The team abstracted data, using single abstraction with subsequent review by clinical and methodological experts, from 92 articles whose abstracts met inclusion criteria. Two reviewers with expertise in quantitative psychology and experience in the validation and standardization of educational tests abstracted the data. During the data abstraction phase, we eliminated 53 articles because they did not meet inclusion criteria or did not address the version of the instrument selected by TEAG members.

The EPC study director and clinical experts completed a quality rating for each article and manual. The quality rating scales evaluated research design and conduct, measurement of reliability and validity, development of instrument norms, justifications for conclusions, and external validity concerns. Six additional items evaluated aspects of instrument development or revision for the instrument manuals.

The team compiled the data into a series of five evidence tables for each instrument. The first of these tables provides information on the study design and conduct and the quality scores assigned by the methodologist and the expert clinicians. The subsequent four tables describe the reliability, validity, predictive validity for future communicative functioning, and available normative data found in the reviewed articles and manuals.

Subsequently, the team graded the evidence summarized in the tables, assessing whether the evidence met thresholds for acceptable reliability, validity, and availability of normative data. Where relevant, we used classic criteria for clinical decisionmaking about individuals, not groups of subjects. The criteria employed were:

  • Reliability -- the criterion for reliability is "strictly" met if the following three conditions are all met:
    • Internal consistency reliability, measured using either Cronbach's coefficient alpha or Kuder-Richardson statistics (K-R 20), is greater than or equal to 0.90;
    • Test-retest/intra-rater reliability is greater than or equal to 0.90 if measured using a correlation coefficient, or greater than or equal to 0.80 if measured using Cohen's Kappa; and
    • Inter-rater reliability is greater than or equal to 0.90 if measured using a correlation coefficient, or greater than 0.80 if measured using Cohen's Kappa.
  • Validity -- the criterion for validity is met if the following conditions are all met:
    • Instrument developers examine relationships between subtests, composite scores, and total scores, establishing hypothesis a priori for these relationships and for patterns of scores for individuals belonging to various groups of import;
    • These relationships are all statistically significant at p < 0.05; and
    • In the case of correlation coefficients, the magnitude of the relationship is at least 0.30, thus providing evidence of a moderate correlation.
  • Normative Data -- the criterion for normative data is met if the following conditions are all met:
    • Data are available for the population targeted by the instrument;
    • An adequate sample size is used (i.e., at least 100 per group); and
    • Evidence is provided on how well the sample represents the population.

Some might reasonably argue that we set the criterion for internal consistency reliability too high given the complexity of speech and language functioning and disorders.
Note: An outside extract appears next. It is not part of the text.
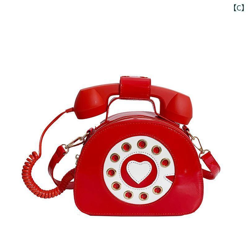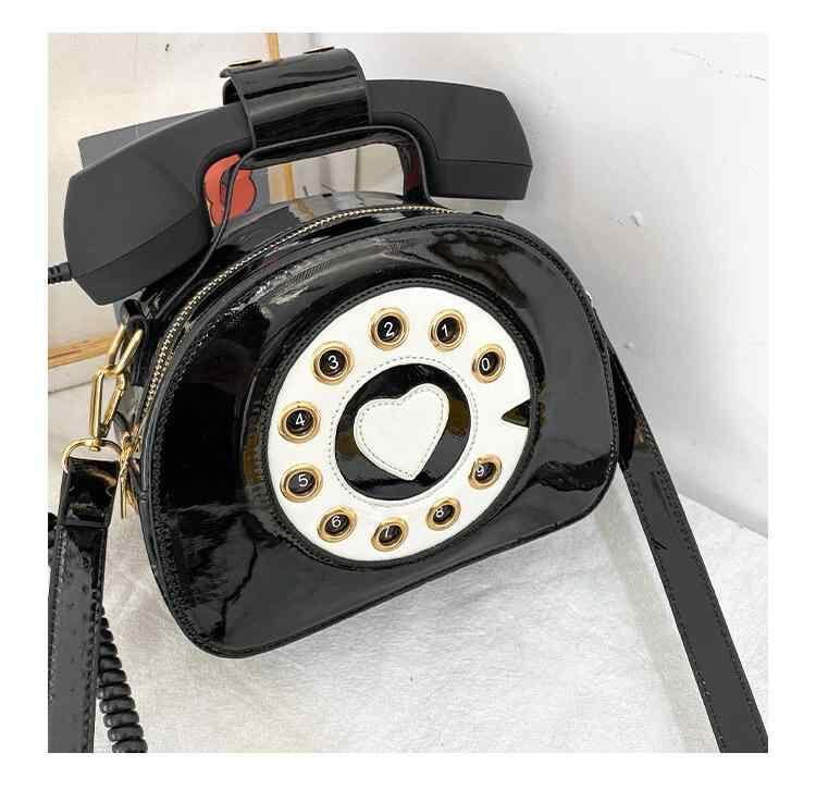 バッグ レディース 電話モチーフ ミニバッグ PUレザー ソフトタイプ ハンドバッグ ショルダーバッグ ファスナー開閉 キュート 個性的 ポップ 普段使い 多色展開
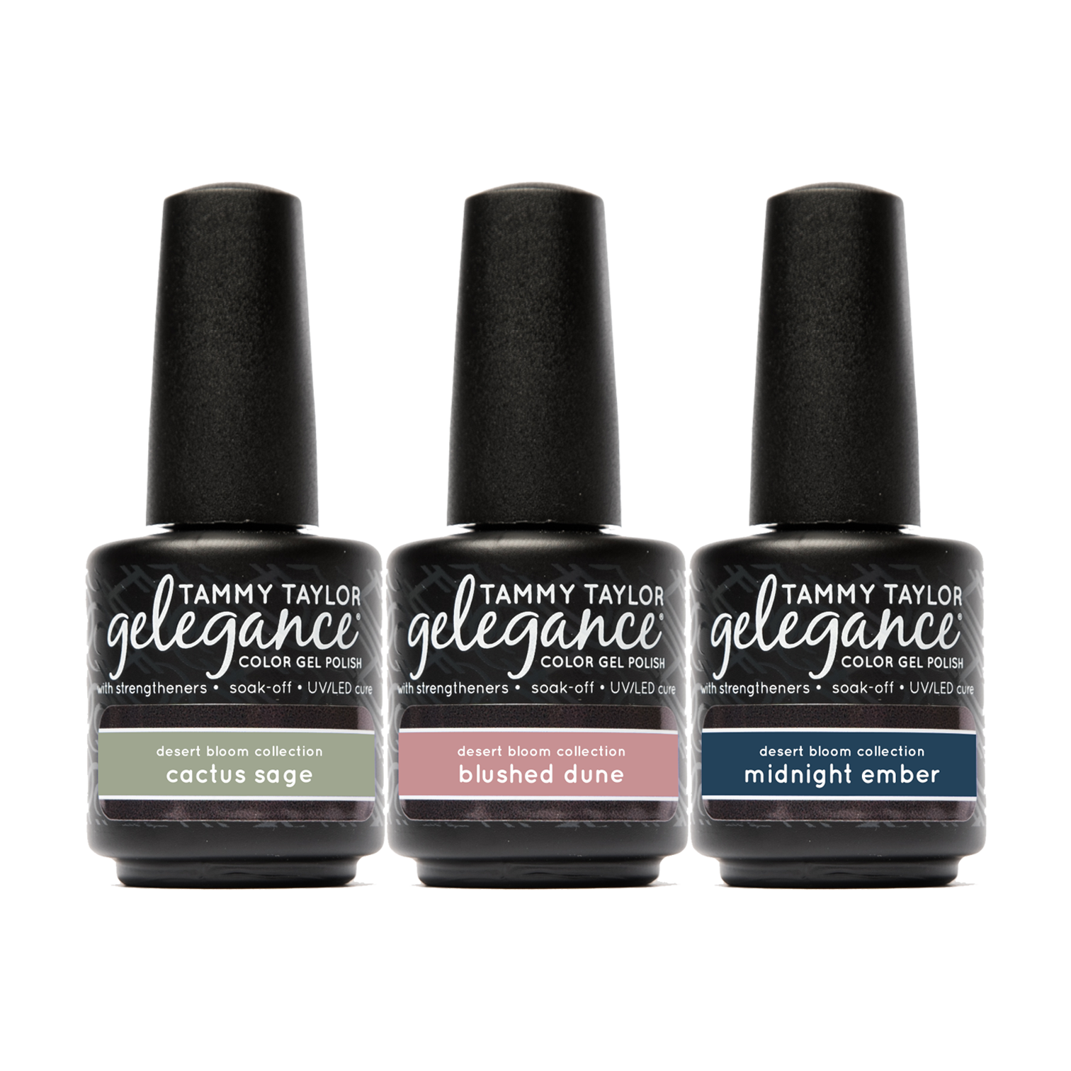 This Bundle includes 3 Gelegance Gel Polishes & 3 Soulmate Nail Lacquer's: Cactus Sage is a slate green. Blushed Dune is a heather mauve. Midnight Ember is a smoky navy blue. Gel Polish DETAILS: • Doesn’t Shrink • Do

Additionally the variability in daily performance that arises from these different speech and language disorders suggests that our criterion for test-retest reliability or intra-rater reliability was also set too high. Thus, we defined a "relaxed" criterion, which differs from the strict criterion in that internal consistency reliability may be as low as 0.80 and/or test-retest/intra-rater reliability may be as low as 0.80 (correlation) or 0.70 (Cohen's Kappa). The relaxed criterion is at a level suitable for having confidence in group, rather than individual comparisons.

After grading the psychometric properties of the individual instruments, we graded the strength of the overall body of evidence for groups of instruments identified by age group and disorder. We graded instrument manuals and peer-reviewed literature separately employing the following definitions for both.

  • Acceptable: research or analyses were well conducted, had representative samples of reasonable size, and met our psychometric evaluation criteria discussed earlier.
  • Unacceptable: studies were poorly conducted, used small or nonrepresentative samples, or had results that did not meet or only partially met the psychometric criteria.
top link

Findings

Reliability, Validity, and Availability of Normative Data

The EPC team evaluated the strength of evidence describing the reliability, validity, and availability of normative data separately for instruments assessing adult language, child language, adult speech, child speech, and voice disorders.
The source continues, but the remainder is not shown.